> [Problem requirements]: Below this line is a listing that includes pictures. Copy exactly, and only, the lines from the one containing "Šedá s kapucí, přes" through the one containing "活动在舒缓的音乐中开启冥想放"; the pictures do not go in the copy.

[Start of section]

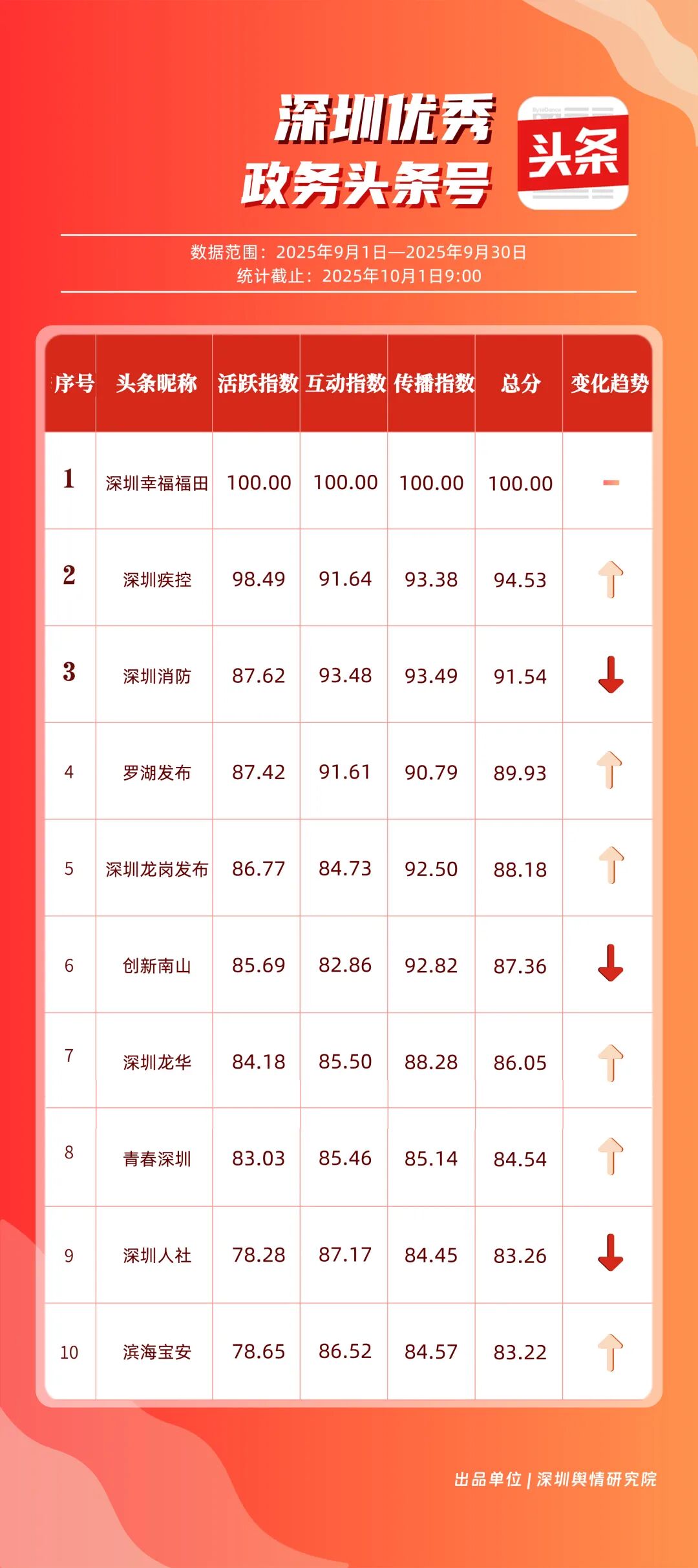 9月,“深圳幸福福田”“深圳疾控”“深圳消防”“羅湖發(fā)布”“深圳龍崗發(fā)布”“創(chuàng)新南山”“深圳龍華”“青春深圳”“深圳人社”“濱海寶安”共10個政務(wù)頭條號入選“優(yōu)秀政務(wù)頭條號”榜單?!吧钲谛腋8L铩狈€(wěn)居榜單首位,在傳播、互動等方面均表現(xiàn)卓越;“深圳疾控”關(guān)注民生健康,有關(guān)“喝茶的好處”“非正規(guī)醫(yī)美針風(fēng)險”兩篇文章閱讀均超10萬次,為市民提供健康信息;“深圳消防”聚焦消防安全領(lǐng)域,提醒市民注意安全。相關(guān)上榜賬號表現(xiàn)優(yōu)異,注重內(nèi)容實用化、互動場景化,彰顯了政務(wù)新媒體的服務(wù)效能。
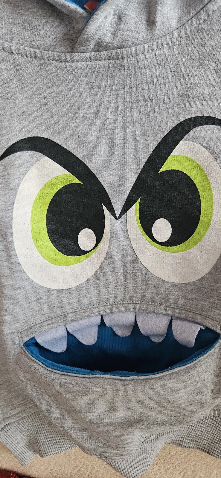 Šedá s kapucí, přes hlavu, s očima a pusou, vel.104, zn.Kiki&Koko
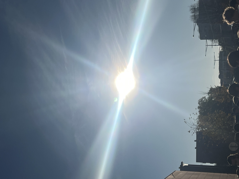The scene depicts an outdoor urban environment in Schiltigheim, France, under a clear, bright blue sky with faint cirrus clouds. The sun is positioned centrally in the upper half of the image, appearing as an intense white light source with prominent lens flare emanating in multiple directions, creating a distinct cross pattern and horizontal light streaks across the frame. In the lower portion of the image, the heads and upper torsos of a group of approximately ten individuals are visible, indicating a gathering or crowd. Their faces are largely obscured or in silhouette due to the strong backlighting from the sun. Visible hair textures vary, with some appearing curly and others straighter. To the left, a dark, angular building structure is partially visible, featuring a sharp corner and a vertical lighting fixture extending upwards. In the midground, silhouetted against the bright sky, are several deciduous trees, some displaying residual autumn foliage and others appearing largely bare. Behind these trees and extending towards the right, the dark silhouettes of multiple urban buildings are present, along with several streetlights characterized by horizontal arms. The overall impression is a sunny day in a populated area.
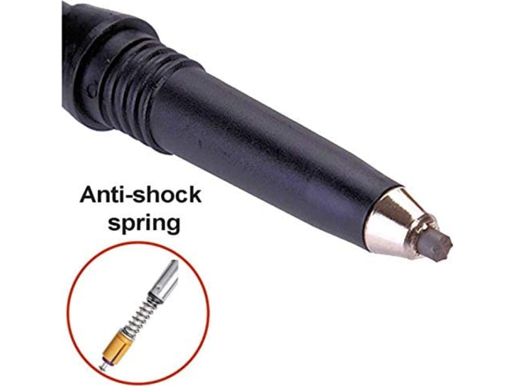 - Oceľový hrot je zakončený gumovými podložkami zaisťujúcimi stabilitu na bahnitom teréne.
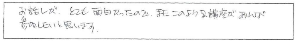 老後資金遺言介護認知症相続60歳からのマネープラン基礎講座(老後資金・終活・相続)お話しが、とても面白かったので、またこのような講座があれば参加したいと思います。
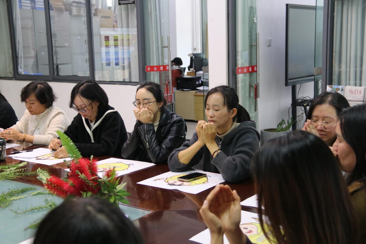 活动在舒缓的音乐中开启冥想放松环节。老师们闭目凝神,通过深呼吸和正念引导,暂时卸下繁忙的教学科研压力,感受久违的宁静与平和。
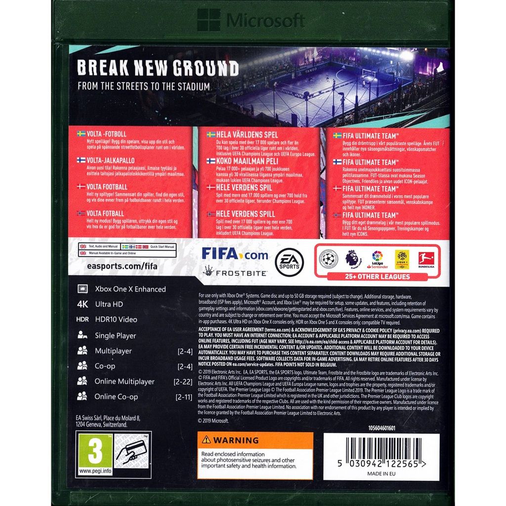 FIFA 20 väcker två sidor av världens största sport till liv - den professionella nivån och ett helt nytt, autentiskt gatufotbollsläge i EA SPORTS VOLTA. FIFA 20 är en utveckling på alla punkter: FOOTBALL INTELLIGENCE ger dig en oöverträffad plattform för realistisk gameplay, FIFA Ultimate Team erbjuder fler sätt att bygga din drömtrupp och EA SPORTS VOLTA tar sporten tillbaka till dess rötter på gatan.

[End of section]

> [Output below]:
 Šedá s kapucí, přes hlavu, s očima a pusou, vel.104, zn.Kiki&Koko
The scene depicts an outdoor urban environment in Schiltigheim, France, under a clear, bright blue sky with faint cirrus clouds. The sun is positioned centrally in the upper half of the image, appearing as an intense white light source with prominent lens flare emanating in multiple directions, creating a distinct cross pattern and horizontal light streaks across the frame. In the lower portion of the image, the heads and upper torsos of a group of approximately ten individuals are visible, indicating a gathering or crowd. Their faces are largely obscured or in silhouette due to the strong backlighting from the sun. Visible hair textures vary, with some appearing curly and others straighter. To the left, a dark, angular building structure is partially visible, featuring a sharp corner and a vertical lighting fixture extending upwards. In the midground, silhouetted against the bright sky, are several deciduous trees, some displaying residual autumn foliage and others appearing largely bare. Behind these trees and extending towards the right, the dark silhouettes of multiple urban buildings are present, along with several streetlights characterized by horizontal arms. The overall impression is a sunny day in a populated area.
 - Oceľový hrot je zakončený gumovými podložkami zaisťujúcimi stabilitu na bahnitom teréne.
 老後資金遺言介護認知症相続60歳からのマネープラン基礎講座(老後資金・終活・相続)お話しが、とても面白かったので、またこのような講座があれば参加したいと思います。
 活动在舒缓的音乐中开启冥想放松环节。老师们闭目凝神,通过深呼吸和正念引导,暂时卸下繁忙的教学科研压力,感受久违的宁静与平和。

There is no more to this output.